Saviour Stretchers were put to the test during training at the Port of Milford Haven

Paul Savage of Saviour Medical Ltd. developed check card training programmes initially for the RNLI during his tenure as their Clinical Lead from 2005 to 2014, and was awarded an OBE in 2013 for this intuitive work before setting up his own company. The Maritime Immediate Emergency Care Course, developed in conjunction with the United Kingdom Maritime Pilots Association (UKMPA), is designed specifically for maritime boat crews and dock personnel and uses professional lifesaving equipment that can mean the difference between life and death in the first minutes after a serious trauma or illness.

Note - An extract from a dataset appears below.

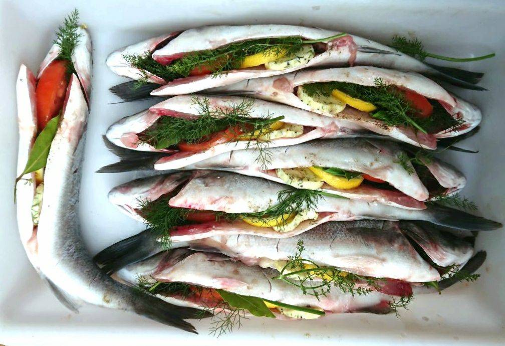 Cuit au four, entier : - loup/bar farci (tomate, citron, herbes)

Seventy staff members from teams across the Port including pilot launch crew, marina operatives, ferry terminal operatives and pilots have already completed the course and another thirteen are due to undertake the training later in the spring. To complement the training the Port has invested over £20,000 in new equipment including additional automated defibrillators, Saviour Stretchers, treatment equipment packs and the treatment check cards developed by Paul Savage which give step-by-step instructions that can provide valuable assistance in an emergency.

Wayne Evans, Health, Safety and Security Manager at the Port of Milford Haven, who arranged the training, said:

"The decision to invest in new equipment and training was made following the lessons learned from a tragic incident at the Port of London last year. A large proportion of our workforce work on or near the water so it’s vital that they have access to the latest first aid advice in case they ever need to draw upon those skills. Safety is the number one priority at the Port and we will always strive to offer the most up to date training to ensure our staff are prepared for whatever they may encounter."

Commenting on the training, Paul Savage OBE, said:

"By using a check card training system the memory test is removed from the rescuer and confidence ensues. Couple this with additional effective equipment that is not usually found in standard first aid kits, but matches the responding emergency services where appropriate, and you can create a seamless approach to care. All of this combined can only help to save salvageable life, and enhance the care that maritime workers can offer when required to do so. It worked incredibly well for the RNLI, so spreading it to other maritime professionals was the next obvious step." Above.